Tafanario, ‘ostentóreo’, ‘dormisquear’…
La invención de etimologías, la intuición sobre ellas, es tan entretenida como iluminadora
Los miércoles comparto espacio radiofónico con Àngels Barceló y Manuel Delgado. El otro día, hablando de sombras, comprendí que me interesa el significado de las palabras desconocidas ―tafanario, martingala― y, a la vez, busco el reverso de las que conocemos más de la cuenta, presuposiciones y música ambiente: democracia, libertad, europeísmo, pueblo soberano… También me fascinan los neologismos ―no necesariamente los anglicismos adaptados―, la invención de etimologías y el empleo de acepciones posibles para palabras que tienen, en realidad, otras acepciones: cuando era pequeña y jugaba con mi vecina a nuestras aventis particulares, tragábamos botes salvavidas para prevenir la muerte por vía oral antes de enfrentarnos a aventuras peligrosas y saltábamos al Tercer Mundo con nuestro traje de astronauta porque el Tercer Mundo no era esa nomenclatura políticamente incorrecta para aludir a los lugares pobres y abandonados de la mano de Diosa, a las geografías esquilmadas por la explotación, la hambruna y las guerras, territorios sobre los que se aplica el Betadine de la caridad, sino que el Tercer Mundo era algo parecido a Marte. La confusión no es tan descabellada…
Un ejemplo de neologismo impresionante fue el ostentóreo de Jesús Gil, palabra centauro, palabra sirena, que funde lo ostentoso con lo estentóreo para nombrar artefactos, conductas, formas de vida, como los del propio Gil. En mi casa, inventamos el verbo dormisquear, que define los sueños en superficie, el esnórquel onírico inducido por el lorazepam, y mi madre reivindicó el término dineroso, de raíz quevedesca ―”Poderoso caballero es don Dinero”―, que podría describir a personajes como Cristiano Ronaldo, que tiene dinero y es ostentoso; o a perfiles poco nítidos, como el del actual propietario del BBVA, que no tiene nombre, que son muchos nombres o corporaciones o vaya usted a saber qué.
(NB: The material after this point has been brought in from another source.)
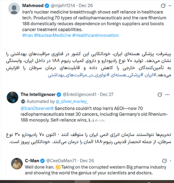 ومن بين المستحضرات الصيدلانية الإشعاعية التي تم الكشف عنها سابقاً كريم "الرينيوم-188" للبشرة، الذي كانت ألمانيا تملكه حصرياً، والذي جعل إيران الآن ثاني أكبر منتج لهذا الدواء في العالم.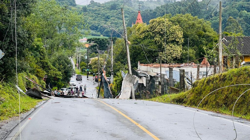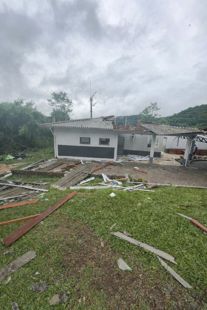 Houve também a queda de uma árvore na Rua Pedro Antonello, no acesso ao bairro 1º de Maio, situação já equacionada pelas equipes do pelo Corpo de Bombeiros. A empresa Ecofar prestou auxílio realizar a retirada dos galhos para a liberação da passagem de veículos e pedestres no local. Outra árvore caiu em uma estrada na comunidade de São Luiz. No bairro Imigrante, as equipes registraram destelhamento de uma residência e em de um prédio residencial, na rua Luis Sebben.

Auténtico poder. Auténtico dineroso. Hemos comprobado que el neologismo de mi madre estaba recogido en el DRAE.
La invención de etimologías ―la intuición sobre ellas― es tan entretenida como iluminadora: yo pensaba que el asombro procedía de la ausencia de sombra, de sin sombra, igual que el amoral era el sin moral, diferente del inmoral, que niega una en particular. Sin embargo, ese origen y esa significación eran discutibles, si colocamos el asombro al lado del alumbramiento, que no tiene que ver con la falta de luz, sino con la salida hacia la luz. Así, el asombro, según Corominas, nace del susto de los caballos cuando eran metidos en las caballerizas, empujados hacia la sombra en la que acaso identificaban figuras amenazantes. Hacia la sombra y sin sombra se solapan, y descubrir con miedo o en lo oscuro son formas de conocer.
Luego, está el afilador. El chiflo del afilador se cuela por mi ventana y yo me escondo dentro del armario entre los abrigos. El chiflo del afilador me hacer recordar relatos de fantasmas. La literatura se me mete en la vida y mis cuchillos se quedan con sus filos mellados en los cajones. Las ficciones colonizan nuestro cuerpo igual que las posibilidades morfológicas de las palabras, aisladamente, inciden en nuestra morfología humana. Por último, están las chispas, los resortes automáticos que surgen de lo más profundo de nuestro mapa cerebral: ¿champú? de huevo; ¿manso?, cordero; ¿la Lola?, se va a los puertos… Ratificamos la importancia de jugar a la rayuela, la rima y el torbellino de la música en nuestros pensamientos. Sus enigmas.
Palabras y lenguaje no son mundo paralelo ni excusa para no habitar la realidad. Realidad es una palabra que rellenamos con significados nunca inocentes. No toda la realidad es lenguaje, pero jugar con el lenguaje puede ser un modo de intervenir la realidad.